15 Haziran 2011 Çarşamba

O

Uzun vagon sarsılarak ilerliyordu toprağın altında. Kompartımanda iki üç tane sarhoşun dışında bir de o vardı. Şimdilik güzeldi. Rüzgar olmadığı halde hafiften dalgalanıyordu kumral saçları. Geniş koridorda bir iki adım attı. Temkinliydi. Boruya yapışıp vücudunu yana yatırdı biraz. Kollarındaki kaslara takıldı gözlerim. Yüzüne baktım sonra. Gülmeye çalışırken çirkin bir ifadeyle kaplanmasını engelleyemedi. Sarhoşlardan biri dönüp onu izlemeye girişti o sırada. Yutkundum anlamaya çalışırken. Görüyorlardı onlar da. Boruyu bırakmıştı artık o. Bana doğru yaklaşıyordu.
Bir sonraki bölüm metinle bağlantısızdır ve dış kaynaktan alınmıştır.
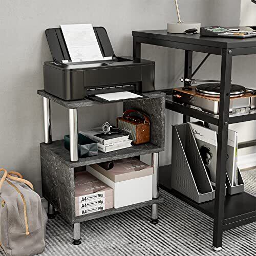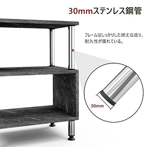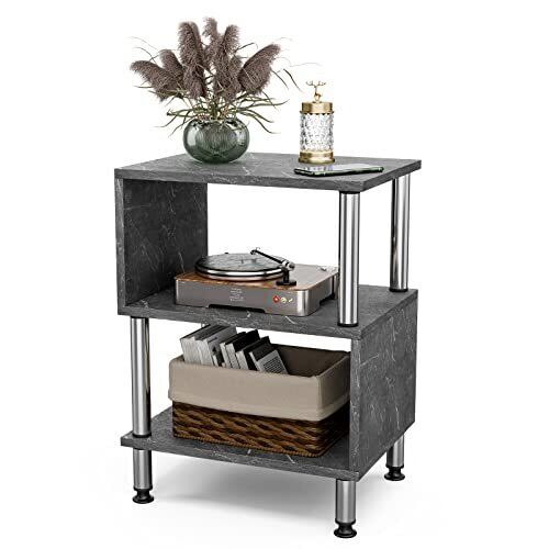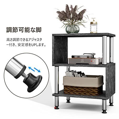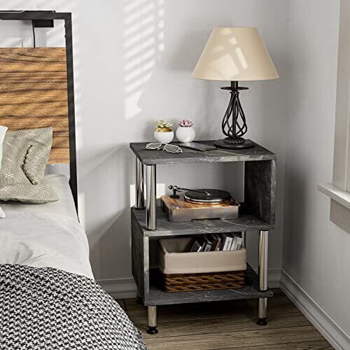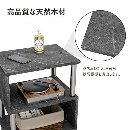 FryLR サイドテーブル おしゃれ S字ラック 40*29*51cm 木目調 大理石柄 オープンラック エンドテーブル 寝室 ソファ ベッド横 ジグザグラック 見せる収納 サイドラック 3段 収納棚(ブラック大理石柄)

Yıllardır sürdürdüğüm çalışmanın bu gece sonuçlanma ihtimali tüylerimi ürpertti. Daha hazır değildim. Bir metre kadar önümde durdu. Somutlaşma yüzdesini anlamaya çalışırken ses dikkatimi dağıttı.
“Hey, buraya gel, boş yerimiz var,” dedi radyoaktiv tozdan yüzü çopur çopur işçi. Dişleri tamamen dökülmüştü.
Oraya hiç bakmadı o. Dudakları kıpırtılar içindeydi. Çıplak ayakları çatırtılar çıkardı yeri adımlarken. Uzandı eli. Bekledim soluksuz. Sanki durmuştu zaman. Ve dokundu omzuma. Ağlamak geldi ansızın içimden. Aramızda ilk defa yaşanıyordu temas. Başından ayağına kadar bir dalga gitti geldi onun. Kabalaştı yüzü. Saçları uçuştu. Eli uzanıp boğazımı buldu. Gerginlik bir müren gibi sarıldı vücuduma. Yapacak hiçbir şeyim olmadığını çok iyi biliyordum. Gülmeye çalıştım yine de.
Çenemi hafif iterek çekti elini ve güldü o da. Güzelleşmişti yine. O an bir karar aldığı belli oldu gözlerinin ışıltısından. Ya da belki de benim kararımdı bu. Birden yanıma oturdu. Elimi tuttu. Sıcaklık vücuduma yayıldı. Sıyrılmış eteğinin açıkta bıraktığı baldırlarına bakan sadece ben değildim. Başını omzuma koyup, ifade içermeyen bakışlarını sarhoşların kuşkulu gözlerine dikti. Bir an önce durağa gelmeliydik. Olacaklardan benim sorumlu sayılacağımı biliyordum. Bir şey olursa tabii. Ya da öyle miydi gerçekten?